The compression stages or stages in the high pressure compressor unit driven by the second variable speed drive assembly may also be arranged in a single longitudinal configuration (i.e., one high pressure compression stage) or a dual longitudinal configuration (i.e., two high pressure compression stages) . The remaining compression stages in the common air compression train may be configured as an integral gear compressor, or may be driven by another variable speed drive assembly.

Similarly, the compression stage in a split functional air compression train, including any boiler air compressor or turbine air compressor, can be configured as an integrated gear compressor, or can be configured as an integral gear compressor by the shaft work of the turbo- May be driven, or may be driven by another variable speed drive assembly. The split functional air compression train preferably includes a boiler air circuit for treating a portion of the compressed and purified air stream and a turbine air circuit for treating other portions of the compressed and purified air stream. The boiler air circuit preferably comprises at least one stage of boiler air compression. The turbine air circuit may further comprise an upper column turbine circuit, a lower column turbine circuit, a high temperature recirculation turbine circuit, or a combination thereof having one or more stages of turbine air compression or recirculated air compression.
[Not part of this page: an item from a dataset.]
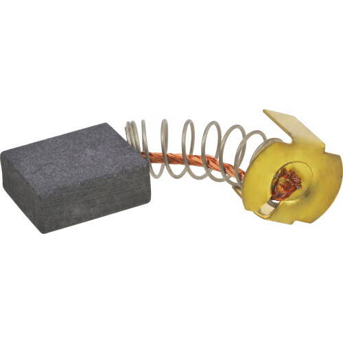 Carbon brushes conduct current between stationary wires and moving parts, most commonly in a rotating shaft.

From a compression train control point of view, the volumetric flow of the incoming feed air stream is preferably controlled by adjusting the speed of the first variable speed drive assembly in response to a change in operating conditions of the cryogenic air separation plant, The pressure is a variable variable discharge pressure which is varied by adjusting the speed of the first variable speed drive assembly and / or the second variable speed drive assembly in response to a change in operating conditions of the cryogenic air separation plant. The operating conditions of the plant may include conditions such as a turndown condition or even an ambient air condition.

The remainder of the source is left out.